Baïf's innovations also included a line of 15 syllables known as the vers Baïfin. He also meditated reforms in French spelling.

His theories are exemplified in Etrenes de poezie Franzoeze an vers mezures (1574). His works were published in 4 volumes, entitled Œuvres en rime (1573), consisting of Amours, Jeux, Passetemps, et Poemes, containing, among much that is now hardly readable, some pieces of infinite grace and delicacy. His sonnet on the Roman de la Rose was said to contain the whole argument of that celebrated work, and Colletet says it was on everybody's lips. He held the historian of the French language Claude Fauchet in high regard; in a neo-Latin poem addressed to Fauchet, Baïf called him 'Falcete docte, carminum ô tu candide / Iudex meorum' ('Learned Fauchet, candid judge of my poems').

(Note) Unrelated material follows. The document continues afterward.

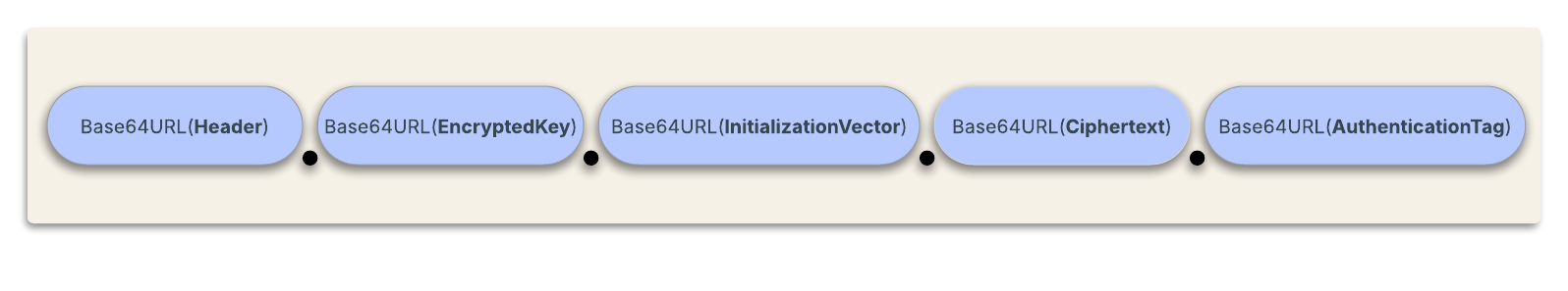A JWE object, or more simply a JWE, can also be represented in a compact string, but it has five parts separated by dots (.

He also wrote a celebrated sonnet in praise of the St. Bartholomew's Day Massacre. Baïf was the author of two comedies, L'Eunuque, 1565 (published 1573), a free translation of Terence's Eunuchus, and Le Brave (1567), an imitation of the Miles Gloriosus, in which the characters of Plautus are turned into Frenchmen, the action taking place at Orléans. Baïf published a collection of Latin verse in 1577, and in 1576 a popular volume of Mimes, enseignemens et proverbes.

Twentieth century French composer Denise Roger used Baïf's text in some of her songs.